CEDEAO : aller à l’essentiel

À l’origine, la Communauté économique des États de l’Afrique de l’Ouest (CEDEAO) n’était qu’un idéal. Puis cet idéal se matérialisa en projet avant de devenir une réalité. Lorsque, le 28 mai 1975, les chefs d’État de la sous-région se réunirent à Lagos pour poser les fondations de cette organisation, ils étaient bien loin d’imaginer l’ampleur qu’elle prendrait cinq décennies plus tard : une communauté économique régionale des plus structurées du continent. Son parcours, jalonné d’ambitions et de défis, a vu naître de nombreuses initiatives ayant considérablement favorisé l’intégration des peuples et contribué au développement de l’Afrique de l’Ouest.
Cependant, ce chemin fut loin d’être de tout repos. Initialement composée de seize membres, la CEDEAO s’est longtemps maintenue à quinze, après le départ de la Mauritanie, avant de voir son effectif se réduire à douze, conséquence du retrait des États de l’Alliance des États du Sahel (AES) – le Burkina Faso, le Mali et le Niger. Cette fragmentation, qui met en exergue les tensions politiques internes, a alimenté certaines critiques quant à son impartialité, accusée de fermeté envers les régimes militaires et d’indulgence à l’égard des gouvernements civils autoritaires.
Malgré ses limites, la CEDEAO demeure un outil incontournable pour l’Afrique de l’Ouest. Elle garantit la libre circulation des personnes et des biens, offrant à l’espace communautaire un marché de plus de 441 millions de citoyens. De surcroît, elle constitue un modèle accompli d’intégration régionale, permettant à tout ressortissant ouest-africain de s’établir librement dans un autre pays membre sans contrainte administrative.
L’ironie du sort veut que les nations ayant le plus bénéficié de cette intégration soient précisément celles qui ont décidé de s’en détacher : le Burkina Faso, le Mali et le Niger. Leurs citoyens ont trouvé, au fil des décennies, un ancrage solide dans des pays voisins tels que la Côte d’Ivoire, le Ghana ou encore le Sénégal, au point que nombre d’entre eux ne conçoivent plus un retour au pays natal. Ce brassage est l’une des forces indéniables de la CEDEAO, en dépit des réticences de ses détracteurs.

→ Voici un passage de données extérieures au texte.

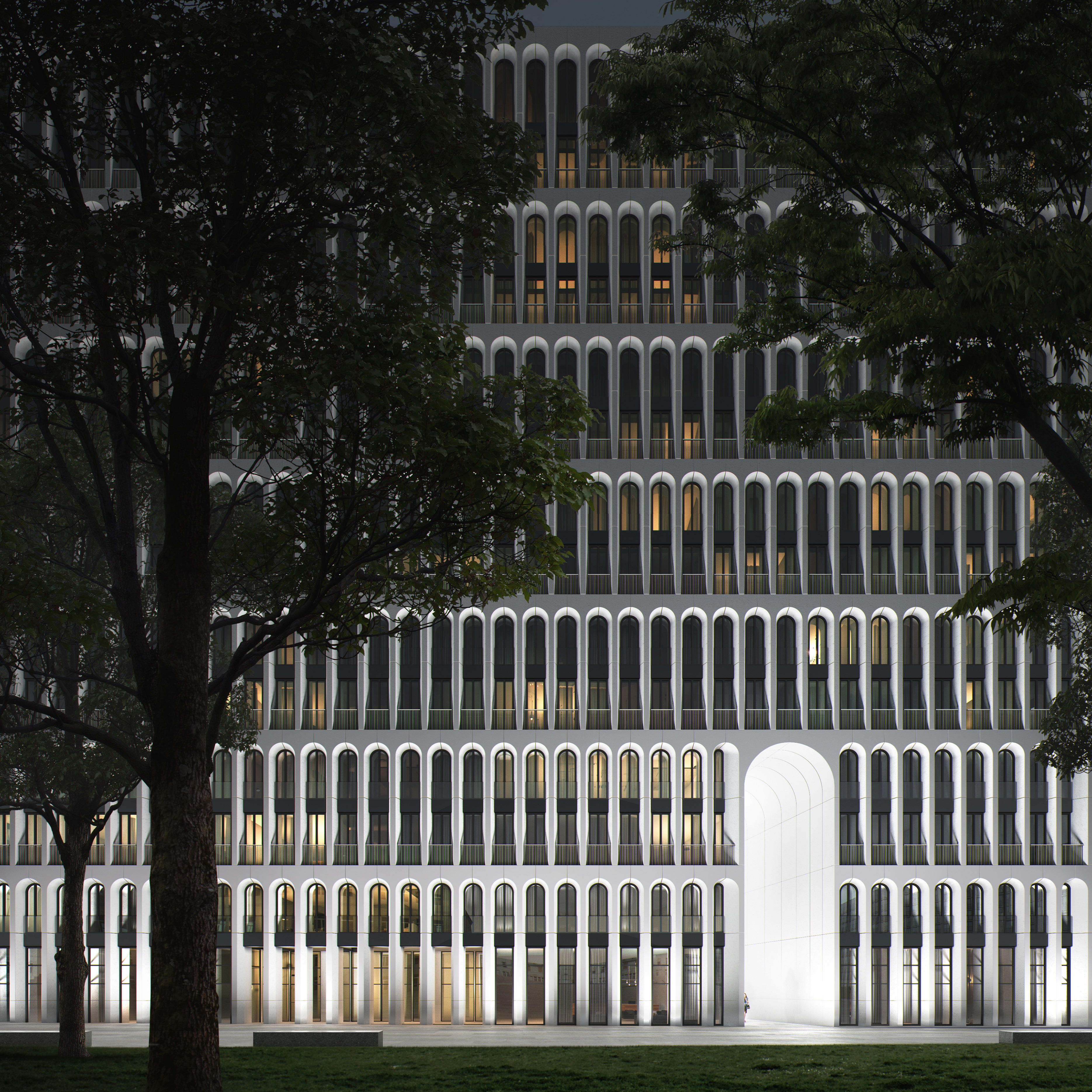 Архитектурная концепция нового проекта Vesper в Хамовниках разработана архитектурным бюро «Цимайло Ляшенко и партнеры» совместно с французским бюро Antonini Darmon и напоминает о многоуровневых арках римского Колизея и венецианских палаццо. Рисунок фасада дома представляет собой комбинацию арок 3 видов различных по ширине и высоте. Со стороны набережной фасад выглядит торжественным, со стороны двора — более спокойным. Самые большие арки являются окнами гостиных и смотрят на набережную, в то время как окна спальных зон квартир выходят во внутренний двор.

Son rôle dans la pacification de la région témoigne également de sa pertinence, comme en attestent les interventions qui mirent fin à la guerre civile libérienne ou encore le soutien apporté au gouvernement légitime en Sierra Leone.
Si la CEDEAO n’existait pas, il aurait été impératif de la créer. Cet anniversaire offre ainsi l’opportunité de célébrer cette réussite en matière d’intégration régionale, en rappelant avec lucidité ses apports indéniables au développement ouest-africain. Malgré les tumultes, ses acquis surpassent largement ses lacunes. Dès lors, l’organisation doit poursuivre sa marche en avant sans s’attarder sur le retrait des États de l’AES, fruit de décisions unilatérales prises sans consultation populaire.

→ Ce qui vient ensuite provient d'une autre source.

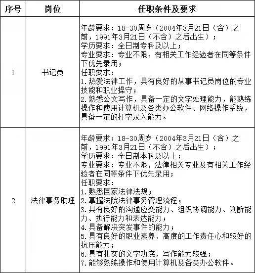 根据工作需要,长治市黎城县人民法院公开招聘10名司法辅助人员(其中书记员2名,法律事务助理8名),由山西威廉体育人力资源派遣有限公司(以下简称:威廉体育人力资源公司)招录并派遣至长治市黎城县人民法院工作,现将有关事项公告如下:

En cherchant à retenir à tout prix ces pays, la CEDEAO risquerait de s’entraver elle-même. Loin d’être un handicap majeur, leur départ représente 21,3 % des échanges commerciaux au sein de la communauté, tandis que les piliers économiques de la région – Nigeria, Côte d’Ivoire, Ghana et Sénégal – continuent de conférer à l’organisation une influence considérable.
Les douze nations restantes doivent ainsi consolider leur destinée commune en s’attelant aux défis cruciaux qui les attendent : le renforcement de la démocratie et de la gouvernance, l’approfondissement de l’intégration économique et politique, la préservation de la paix et de la sécurité. Parmi les chantiers prioritaires, on peut citer la lutte contre la menace terroriste qui s’intensifie aux frontières béninoises ou encore la concrétisation tant attendue de la monnaie unique.
Après un demi-siècle d’existence, la CEDEAO a encore fort à faire. Il lui revient désormais de focaliser son énergie sur l’essentiel : les initiatives servant les intérêts des peuples, plutôt que de s’évertuer à convaincre ceux qui ont fait le choix d’un autre chemin. Pour les décennies à venir, souhaitons aux dissidents de faire mieux que ce qu’ils ont reçu de cette communauté qui, elle, demeure un pilier fondamental du développement régional.